Committee Chairman and School of Social Work professor Dennis Culhane explained that the committee's mandate was not to investigate DaSilva's case in particular.

"Our charge did not involve drawing conclusions about that specific incident, and so we did not do so," Culhane said. "We did not have any kind of legal authority for calling witnesses, determining rules of evidence and these kinds of formal review procedures."

"Our review was really to provide background and to raise issues for our further consideration with regard to the overall policy," he added.

Culhane also said that legal restrictions prevented the committee from interviewing the officer involved in the incident.

"The collective bargaining agreement between the University and the Fraternal Order of Police does not permit officers to be interviewed as part of any review by external entities, and so we did not have access to the officer," Culhane said. "We did have the officer's report about the incident," as well as a transcript of an interview performed by the officer's supervisor, he said.

Farnsworth-Alvear was pleased with the contents of the report, however.

"It's clear that having diversity training in place that's done competently is a good thing," Farnsworth-Alvear said. "We were very glad that this report may stimulate a new set of training initiatives on the part of the UPPD."

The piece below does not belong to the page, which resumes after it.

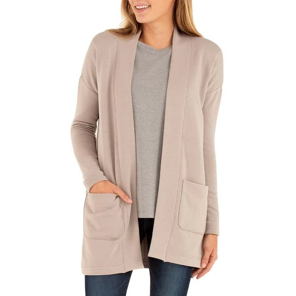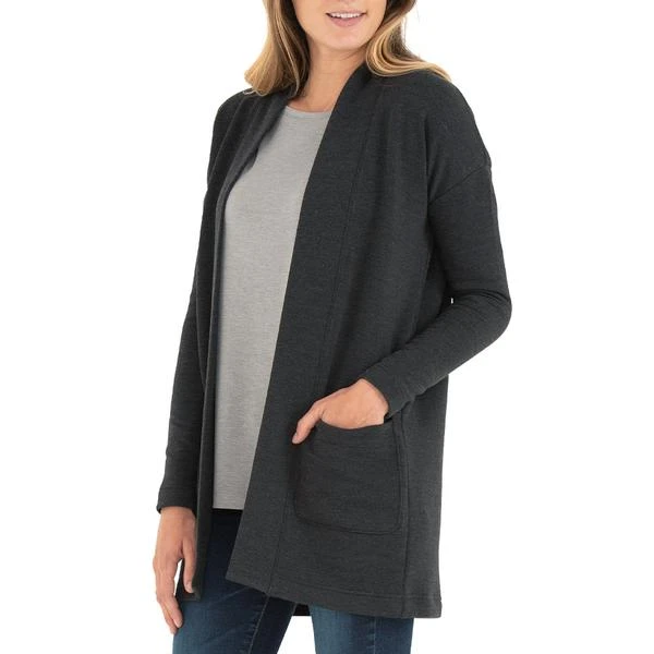 Stretchy Thermal Fleece meets everyday style. This flattering cardigan features extra length for comfort and warmth.

Lawrence Sherman, director of the Jerry Lee Center of Criminology, agreed that improved training -- a key emphasis of the report -- was an important first step in tackling the complex and sensitive issue of racial profiling.

Complaints can be reduced "if much more emphasis in police and communities was put on the rules of discourse -- how police should speak to people, how people should speak to police," Sherman said.

He added that police should be more specifically trained in "how to develop the effective communication and language for investigative situations, especially proactive stops."

Sherman explained that the use of proper police language and attitude can help prevent situations from escalating to the use of force.

"What the police profession has to confront is the idea that they're using 19th century language in the 21st century," Sherman said. "It's a lot more insulting to order people around now than it used to be."

Farnsworth-Alvear agreed that effective communication is key when police encounter people.

"No one minds being politely stopped," she said. The "humiliation is what's upsetting, not the stop."